» Provided records:
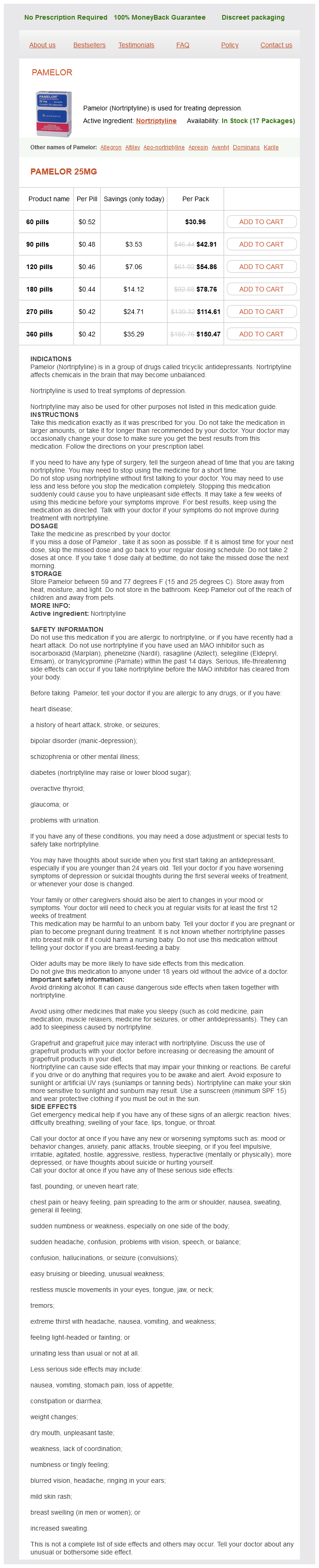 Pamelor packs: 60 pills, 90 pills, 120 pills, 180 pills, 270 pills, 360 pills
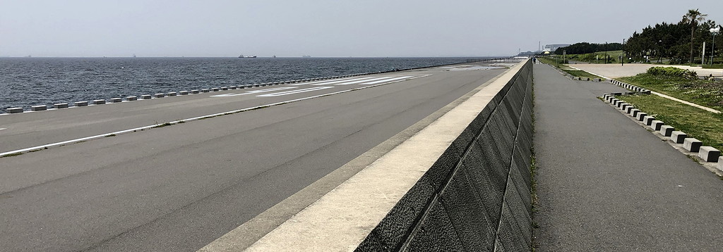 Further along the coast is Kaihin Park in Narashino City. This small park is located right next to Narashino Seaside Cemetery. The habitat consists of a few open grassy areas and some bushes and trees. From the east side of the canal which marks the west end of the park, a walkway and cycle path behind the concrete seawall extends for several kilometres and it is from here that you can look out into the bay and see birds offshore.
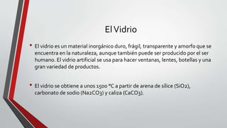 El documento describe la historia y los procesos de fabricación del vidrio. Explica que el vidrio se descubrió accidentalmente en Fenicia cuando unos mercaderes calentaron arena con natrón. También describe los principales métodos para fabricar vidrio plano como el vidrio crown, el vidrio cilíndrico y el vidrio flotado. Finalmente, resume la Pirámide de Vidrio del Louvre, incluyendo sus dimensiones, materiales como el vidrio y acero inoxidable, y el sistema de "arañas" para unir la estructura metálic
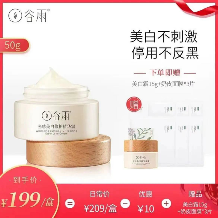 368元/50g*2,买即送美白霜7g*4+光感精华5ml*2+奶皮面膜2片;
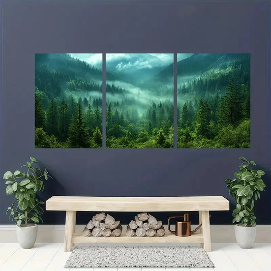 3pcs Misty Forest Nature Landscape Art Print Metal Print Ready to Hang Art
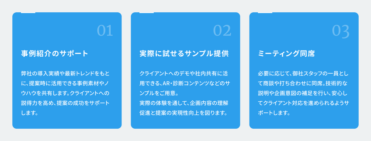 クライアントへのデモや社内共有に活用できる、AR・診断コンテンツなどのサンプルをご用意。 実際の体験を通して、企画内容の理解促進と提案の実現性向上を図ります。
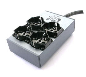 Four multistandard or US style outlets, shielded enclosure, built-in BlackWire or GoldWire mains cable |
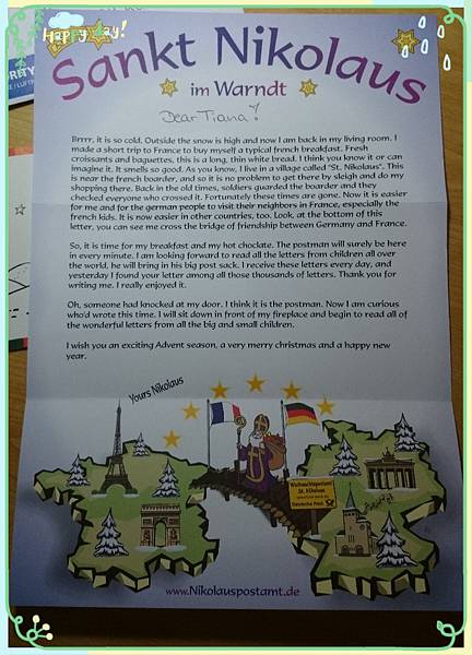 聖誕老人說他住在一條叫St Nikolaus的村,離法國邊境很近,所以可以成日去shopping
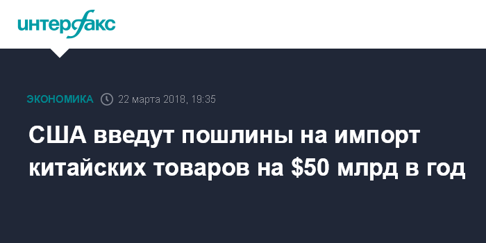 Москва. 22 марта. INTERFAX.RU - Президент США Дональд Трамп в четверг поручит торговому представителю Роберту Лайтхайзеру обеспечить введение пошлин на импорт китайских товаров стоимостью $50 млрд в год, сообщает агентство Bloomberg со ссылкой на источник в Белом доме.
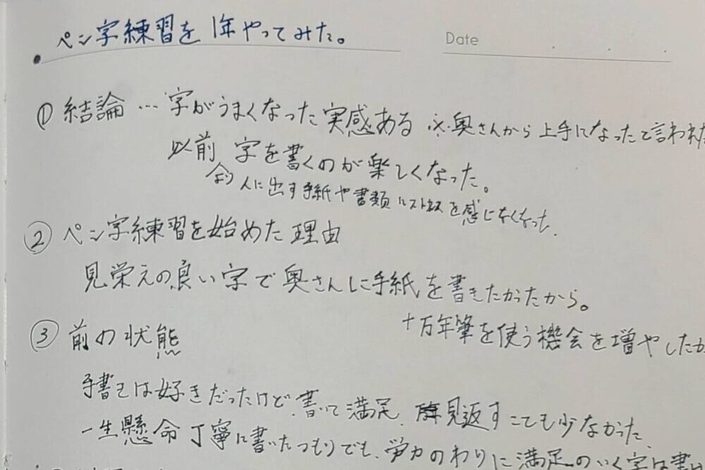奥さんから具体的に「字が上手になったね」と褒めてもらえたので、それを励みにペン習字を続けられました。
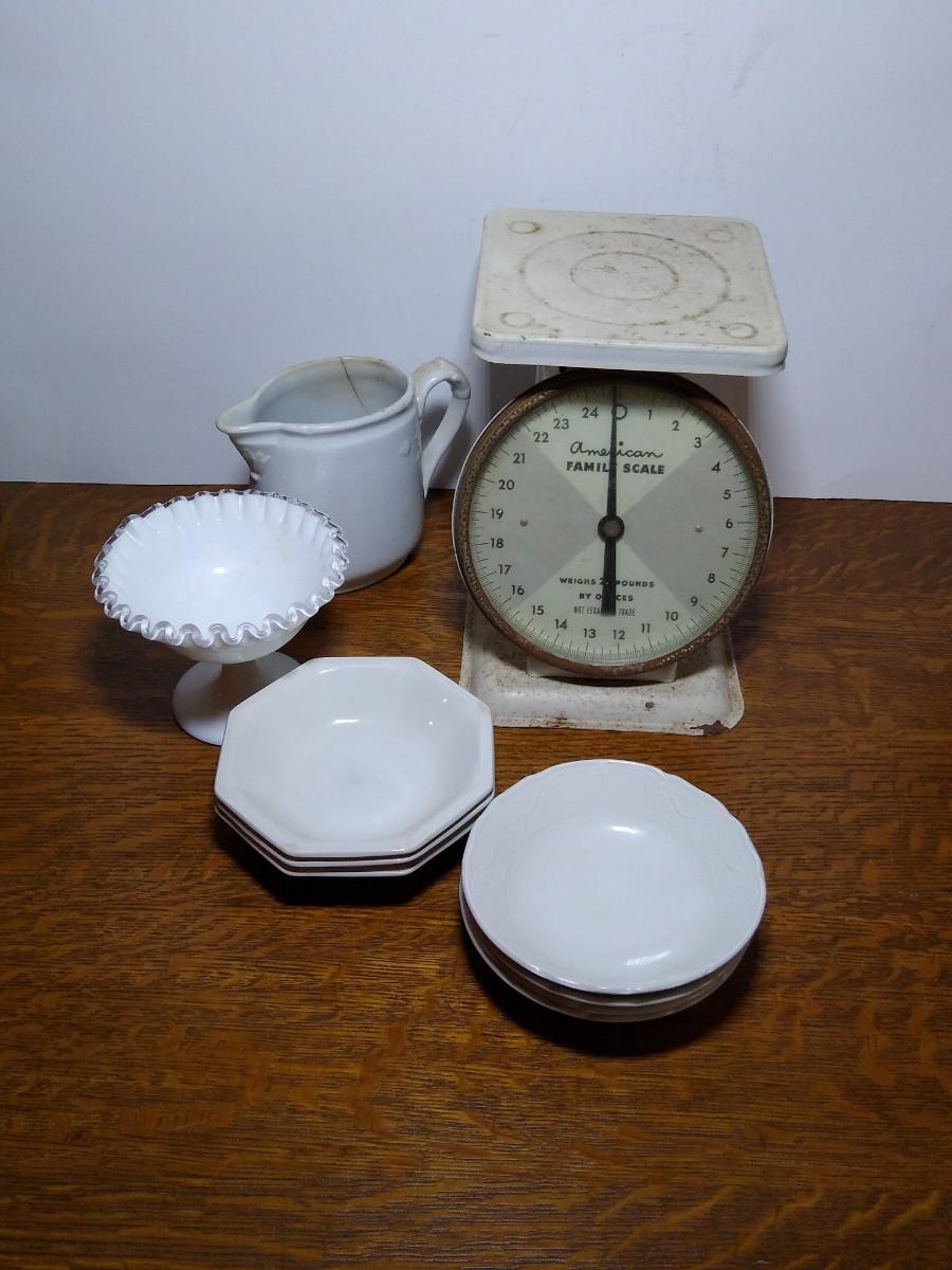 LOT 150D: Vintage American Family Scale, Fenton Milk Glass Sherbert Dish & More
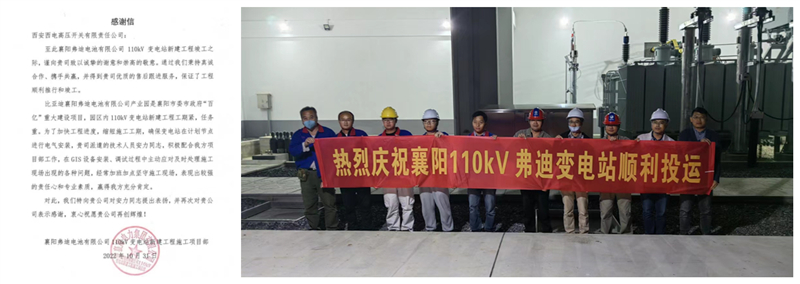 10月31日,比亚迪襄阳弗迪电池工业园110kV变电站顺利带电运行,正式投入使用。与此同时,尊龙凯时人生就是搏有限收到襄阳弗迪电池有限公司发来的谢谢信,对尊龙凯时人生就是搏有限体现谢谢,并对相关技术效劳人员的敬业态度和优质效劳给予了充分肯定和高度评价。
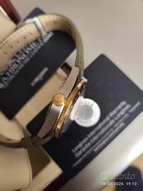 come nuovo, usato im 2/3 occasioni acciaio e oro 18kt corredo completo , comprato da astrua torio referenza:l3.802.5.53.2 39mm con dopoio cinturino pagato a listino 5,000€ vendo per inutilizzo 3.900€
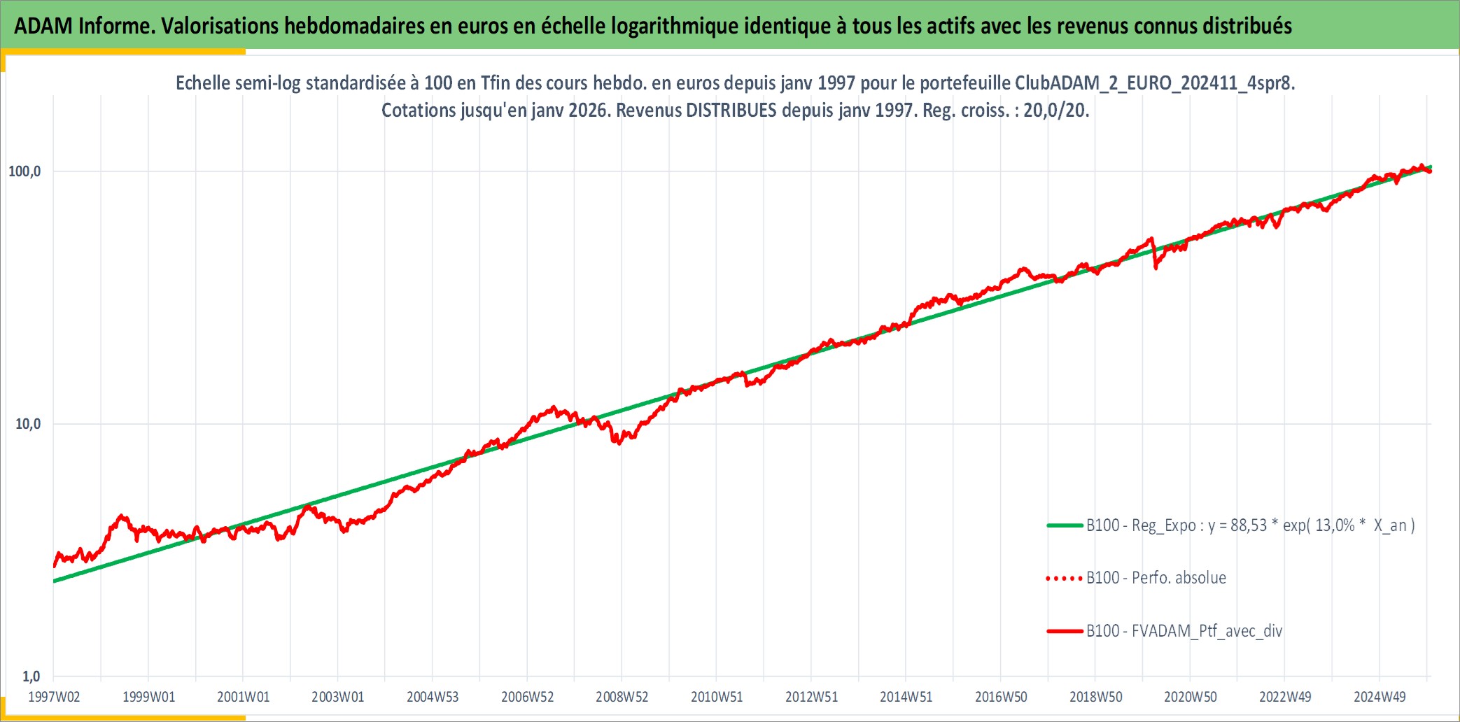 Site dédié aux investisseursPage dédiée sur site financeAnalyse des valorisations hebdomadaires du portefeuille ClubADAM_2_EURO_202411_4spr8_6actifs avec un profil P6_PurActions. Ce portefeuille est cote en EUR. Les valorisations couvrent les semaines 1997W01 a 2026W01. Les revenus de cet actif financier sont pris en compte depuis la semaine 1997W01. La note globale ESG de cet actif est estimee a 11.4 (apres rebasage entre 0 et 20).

» Task objective: All lines above from the one containing "奥さんから具体的に「字が上手" up to and including the one containing "come nuovo, usato" are to be set down exactly, and nothing else. Leave images out.

» Response to the task:
奥さんから具体的に「字が上手になったね」と褒めてもらえたので、それを励みにペン習字を続けられました。
 LOT 150D: Vintage American Family Scale, Fenton Milk Glass Sherbert Dish & More
 10月31日,比亚迪襄阳弗迪电池工业园110kV变电站顺利带电运行,正式投入使用。与此同时,尊龙凯时人生就是搏有限收到襄阳弗迪电池有限公司发来的谢谢信,对尊龙凯时人生就是搏有限体现谢谢,并对相关技术效劳人员的敬业态度和优质效劳给予了充分肯定和高度评价。
 come nuovo, usato im 2/3 occasioni acciaio e oro 18kt corredo completo , comprato da astrua torio referenza:l3.802.5.53.2 39mm con dopoio cinturino pagato a listino 5,000€ vendo per inutilizzo 3.900€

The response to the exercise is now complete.